Two determinations which must be made in preparation for mediation are the "Best Alternative to a Negotiated Agreement" (BATNA), and the "Worst Alternative to a Negotiated Agreement" (WATNA). The BATNA and WATNA, in conjunction with external constraints, also establish the parameters for an acceptable settlement for the client. Analysis of the BATNA and WATNA of the opposing disputant in conjunction with an evaluation of their external constraints may suggest a probable range of agreement for discussion with the client. A realistic discussion of the best and worst possible outcomes if no agreement is reached will assist in a realistic risk assessment by the client prior to the mediation, and an informed decision regarding settlement alternatives. Again, if the client is properly prepared for mediation, there will be no surprises during the mediation itself.
In considering those factors likely to affect the outcome, it is also essential to determine in consultation with the client what information may be disclosed, what information will remain confidential, and for information to be disclosed the sequence of disclosure.
Finally, in preparing the client for mediation, if the client is to be (as is likely) an active participant, if may be of assistance to assist in development of required communication skills, just as if the client were being prepared to testify at trial.

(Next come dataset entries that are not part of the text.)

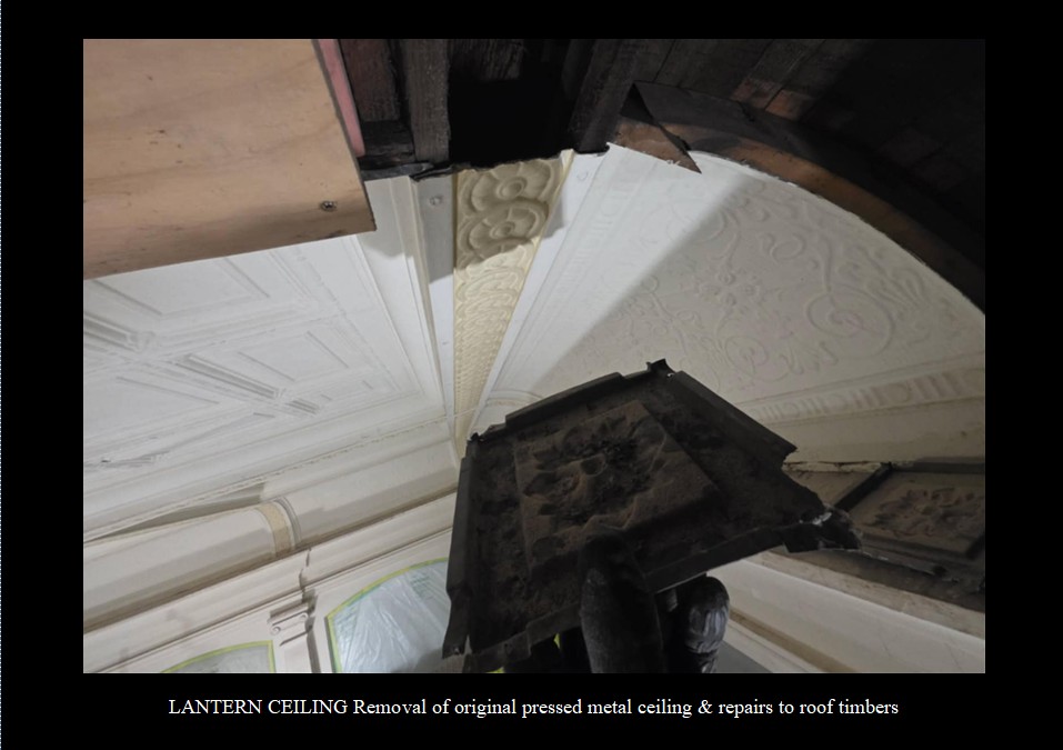 Project DescriptionDEBATING CHAMBER : Major structural works were needed in the Debating Chamber to stabilize the exterior wall for earthquake proofing. The stabilizing of the wall included reinforcing the wall with concrete up to 800mm thick which moved the wall into the existing footprint of the building, altering the substructure timber framing & ultimately changing the curve radius of the exterior wall while the internal side walls remained the same. Use of a mobile scaffold was required to unpick all of the original curved ceiling panels in the Fleur design. The Beam Cladding was also unpicked & removed to allow for fire service sprinklers to be installed. During the unpicking stage it was discovered that the Flower Boss & P Round Rail on the beams were replicated in lead, estimated to have been done in the 60's to replace the damaged Flower Boss & Rails. Due to the weight of these lead elements being a safety issue if they fell from heights, they were removed & reproduced in soft zinc before being reinstated. Damaged sections of the Beam Cladding were replaced using 6'' Beam Cladding from the Australian Pressed Metal catalogue. After being carefully unpicked, the original Fleur panels were chemically stripped & flattened prior to reinstallation. Approximately 30% of the original pressed metal panels were salvageable & the remainder of the panels were replaced with Imperial Fleur design panels to match in seamlessly with the original panels. Reinstatement of the original & Imperial Fleur panels involved meticulous attention to detail as the new curve radius needed to be carefully hand scribed to match the newly created ceiling curves. With the final coat of paint the restoration of the Debating Chamber ceiling was seamlessly restored to its original elegance. LANTERN CEILING : The scope of works of the Lantern area adjoining the Debating Chamber were of a smaller scale in comparison to other areas of the Wellington Town Hall. The original pressed metal panels were carefully removed, cleaned, labelled & stored for future reinstatement. Roof timbers were replaced due to wood rot & the updating of mechanicals & fire services was completed. After all structural works were completed, the original panels, which were 100% salvageable due to the skilful removal procedures, were expertly reinstated & the ceiling restored to its original splendour.
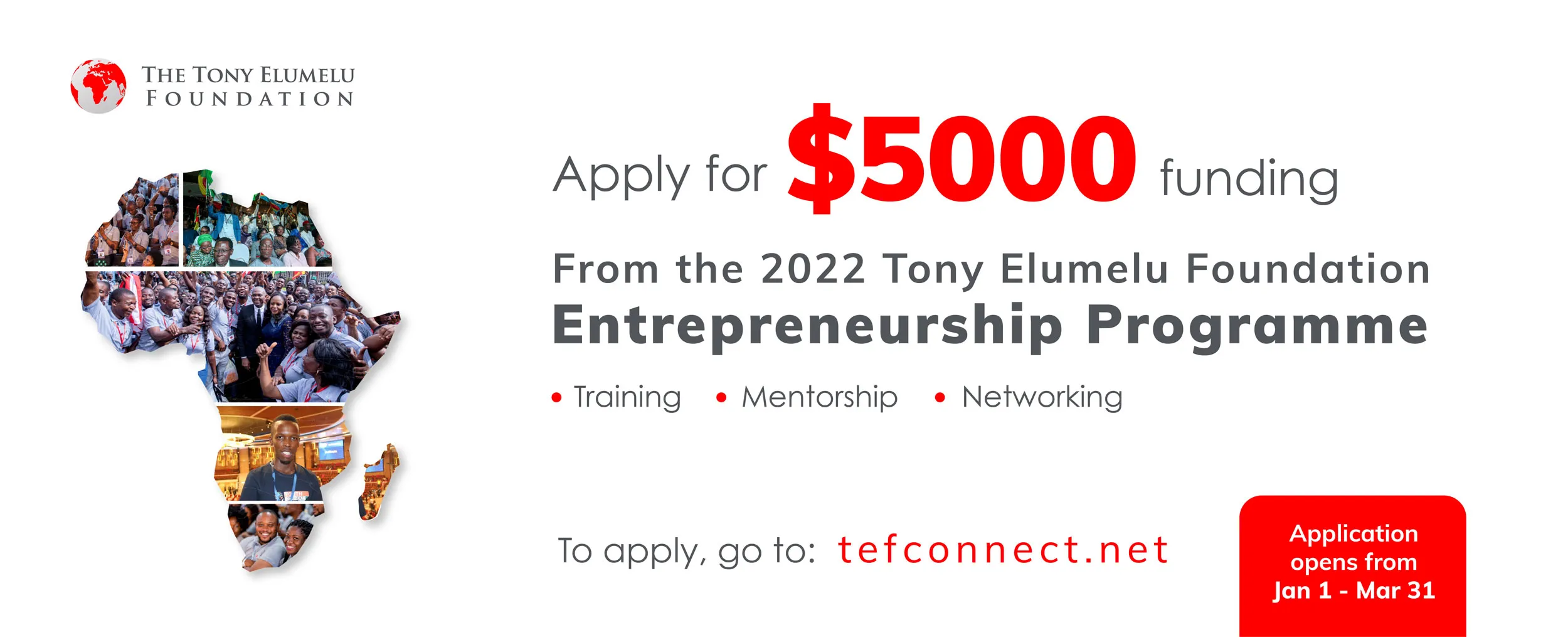 The Tony Elumelu Foundation (TEF) opens application portal for the 2022 Tony Elumelu Foundation Entrepreneurship $5000 Grant Programme from January 1.
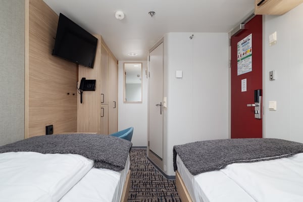 These comfortable inside cabins for up to two people on the lower deck have twin beds, a chair, TV and a hairdryer.
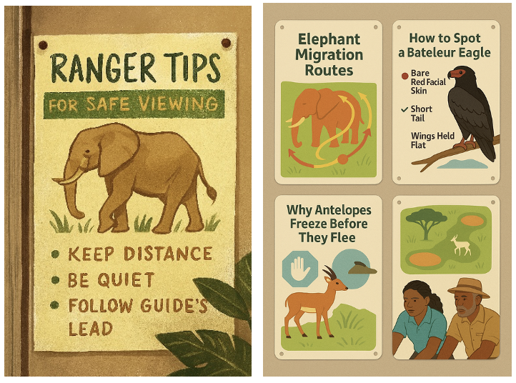 One morning, Adiza arrived early. She didn’t join the baobab tree huddle. She stood by the front desk, reviewing the briefing sheet. Then she walked to the infographic board and adjusted the placement of a new poster: “Ranger Tips for Safe Viewing.”
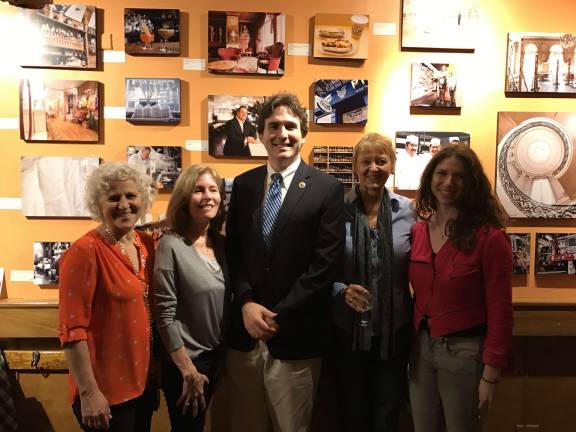 Manhattan Sideways displayed a small selection of their photographs of Manhattan businesses on side streets at an opening party at Ryan’s Daughter on East 85th street Saturday evening. The photographs on display will be rotated throughout the year. Pictured left to right are Straus News Publisher Jeanne Straus, Manhattan Sideways creator Betsy Polivy, City Council Member Ben Kallos, former Manhattan Chamber of Commerce head Nancy Ploeger and Sara Romanoski of Townsquared, sponsors of the event.
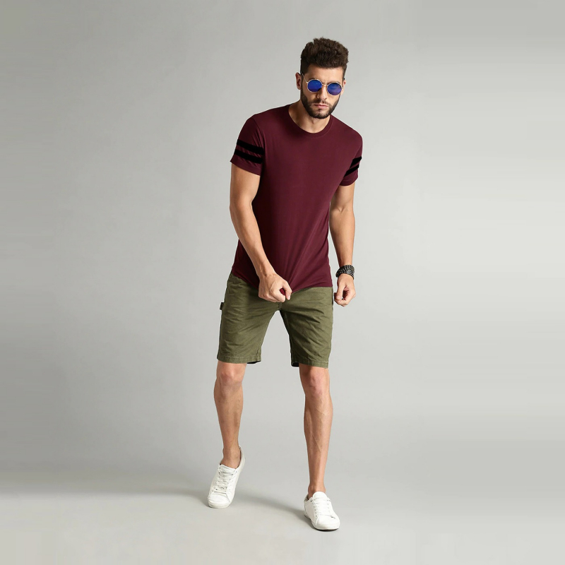 • Maroon solid T-shirt, has a round neck, short sleeves.
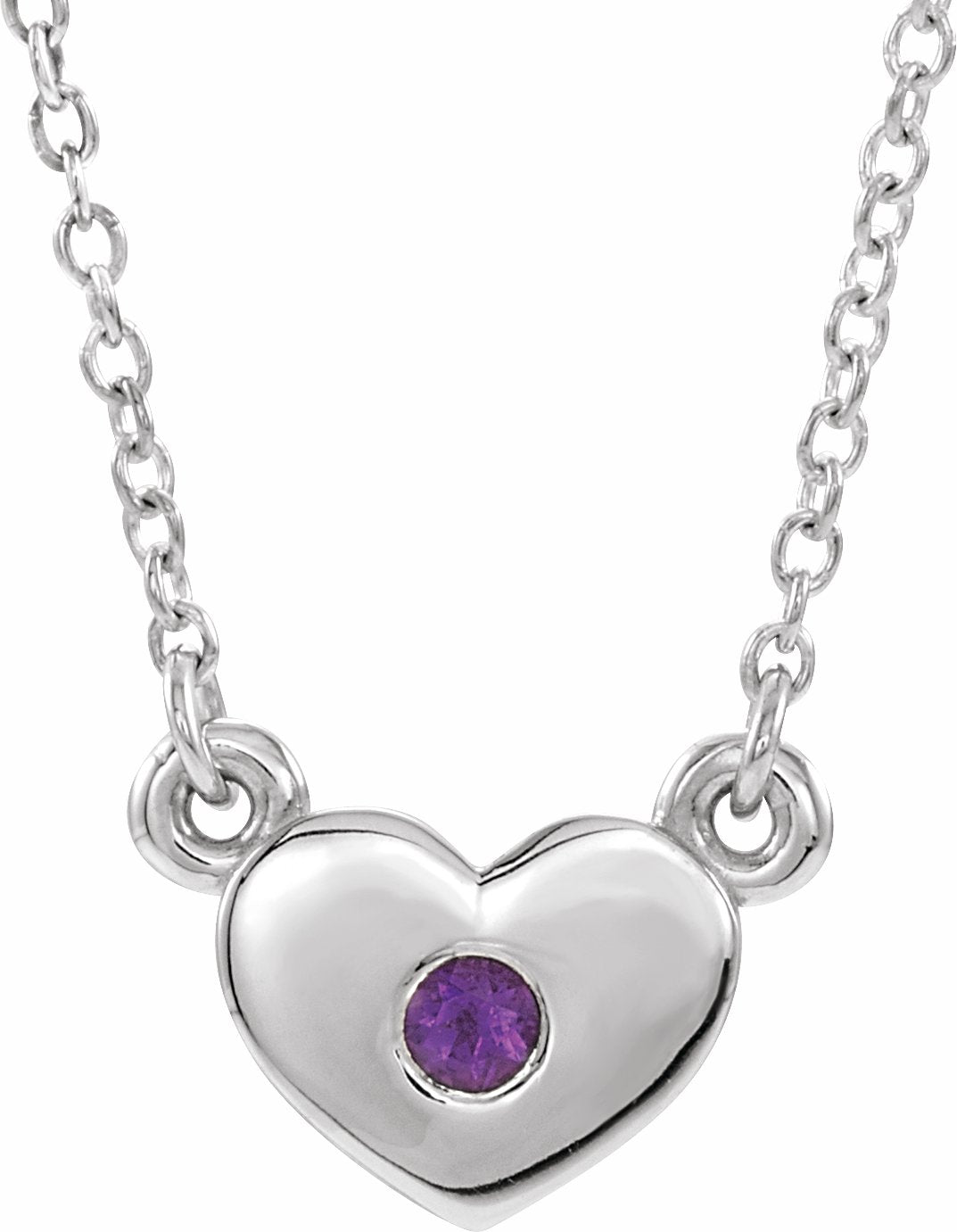 14K White Amethyst Heart 16 Necklace - 8633560004P
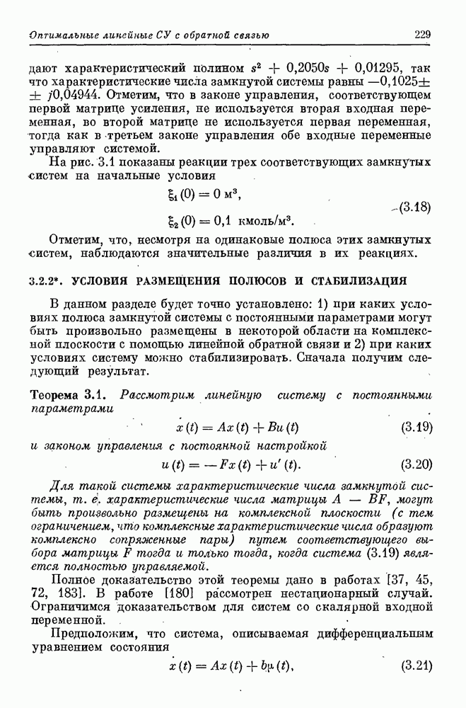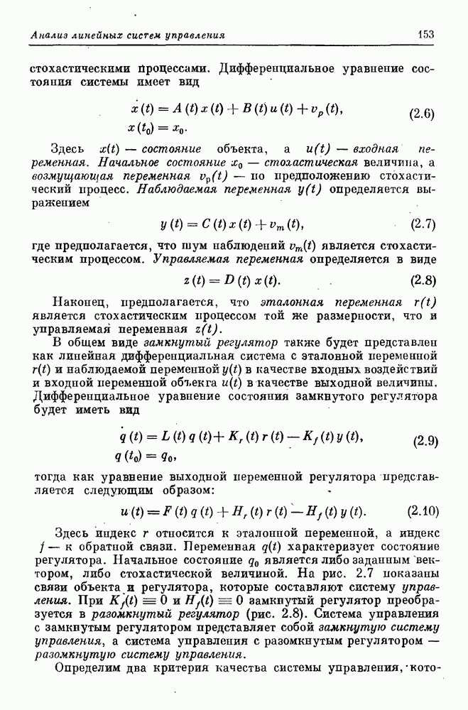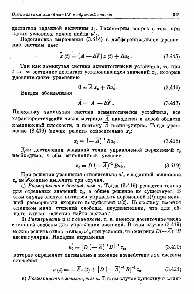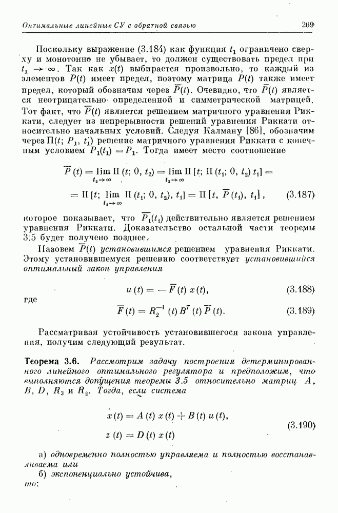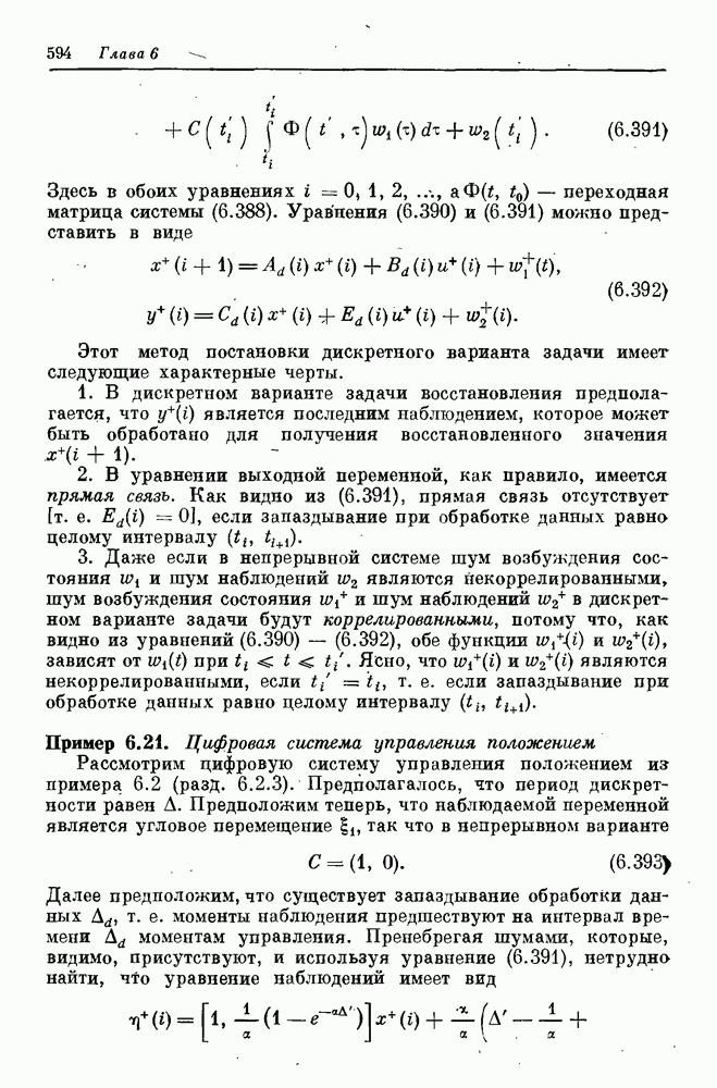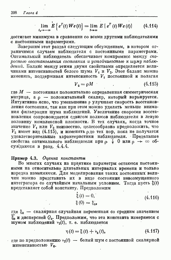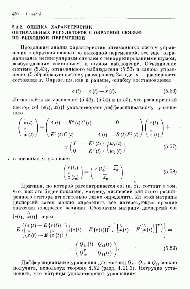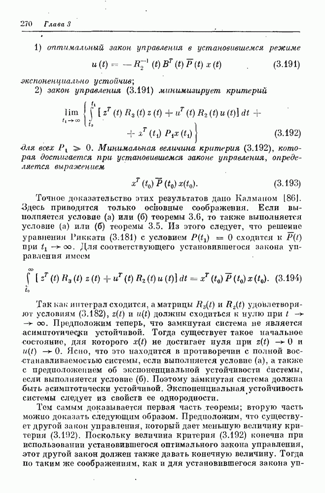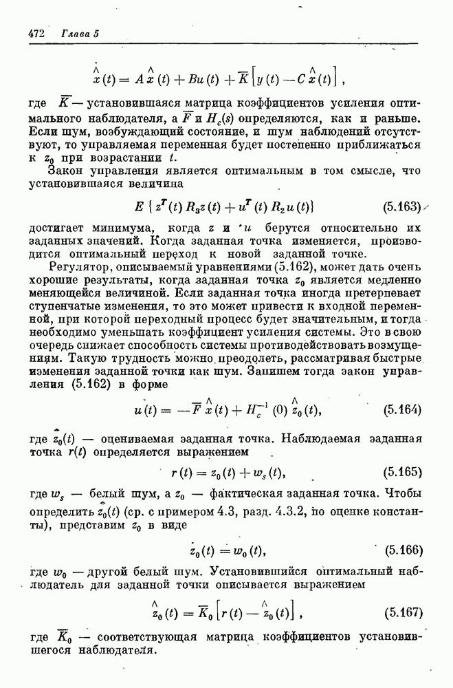 по будущим значениям выходной переменной. В задачах управления и фильтрации, однако, имеются обычно только прошлые значения выходной переменной. Поэтому более естественно рассматривать восстанавливаемость, которая ставит задачу определения настоящего состояния по прошлым наблюдениям. Нетрудно обнаружить, что для систем с постоянными параметрами из полной посстанавливаемости следует полная наблюдаемость и наоборот.
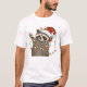 A funny winter holiday design of cute racoon tangled in Christmas lights.
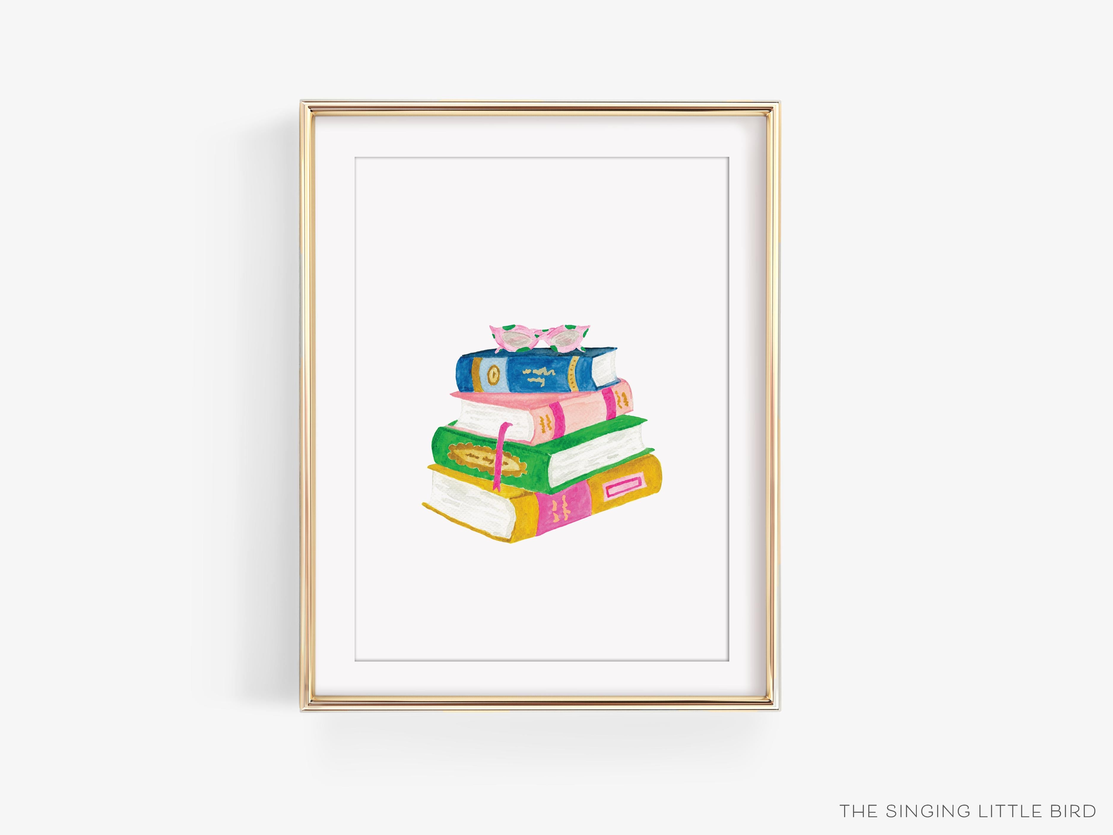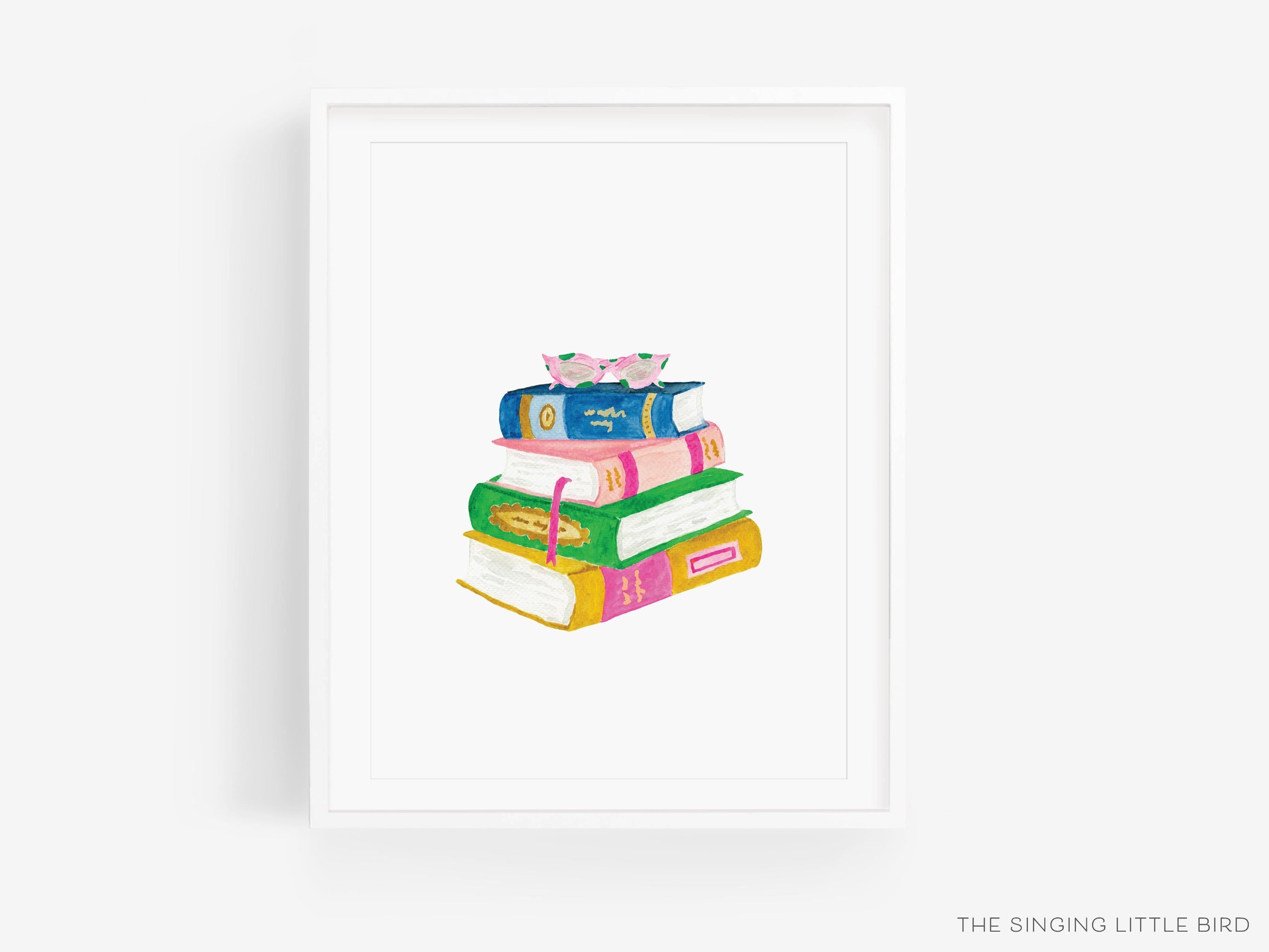 Book Lover Art Print | Hand Painted Book Stack Art | Readers Nook Watercolor | Library Books Wall Art | Preppy Funky Reading Glasses | Decor
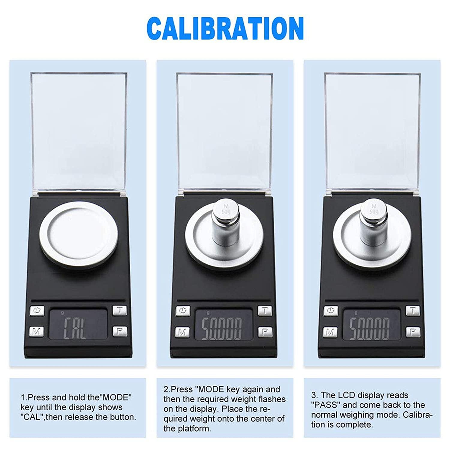 Avec poids d'étalonnage : Cette balance de poche est livrée avec un poids d'étalonnage de 50 g, une balance, une pince à épiler et 2 piles AAA, c'est-à-dire tout ce dont vous avez besoin. Veuillez calibrer la balance avant de l'utiliser.

When the mediation takes place, tactics which are distinctly different than those appropriate at trial are most effective. As noted above, the client must be educated as to the manner in which participation can be most effective.
Communications should be directed to the adverse party, not the mediator. The mediator, by virtue of her or his role in the process, is often misperceived as an adjudicator instead of facilitator. Keep in mind that resolution will be reached only if the adverse party is sold on the solution sought.
Carefully plan the structure and sequence of disclosures and negotiating positions in order to use the mediator effectively to set up momentum and to communicate information to other side in the sequence desired. Intentionally choose what to disclose, what to withhold, and when to change.
Be open to the tactic of item by item agreement, rather than trying to negotiate package agreement. The momentum created by repeated agreement regarding matters which are really uncontested or not of consequence to your client can be of great benefit as the mediation proceeds into negotiation of the difficult issues presented, since such agreements can give the mediator something to work with in bartering a perceived exchange of value, or even a simple perception of give and take.
Where there are substantial power disparities between the parties, use techniques designed to diminish or enhance the effect on the negotiations of those power disparities or adverse relational patterns. Such action is especially important where the client is in the weaker position. Some actions which can effectively disrupt an enhancement of a clients weakness include interrupting the discourse, assertively reinforcing the clients rights, and requesting a recess to reorient the client.
It is often useful to have a draft settlement agreement prepared prior to mediation, possibly with blanks for amounts or other negotiable positions, for use during and at the conclusion of the mediation. Such a draft may also serve as a checklist for issues to be resolved.
Client and lawyer preparation for and participation in mediation is a demanding task. It requires a strong sensitivity to the needs and true interests of the client, an assertive advocacy role by the lawyer, and thorough knowledge of the mediation process. Through complete preparation, and awareness of the ethical issues presented by representation in an environment without procedural or substantive protections, however, the lawyer can "zealously pursue clients interests within the bounds of the law."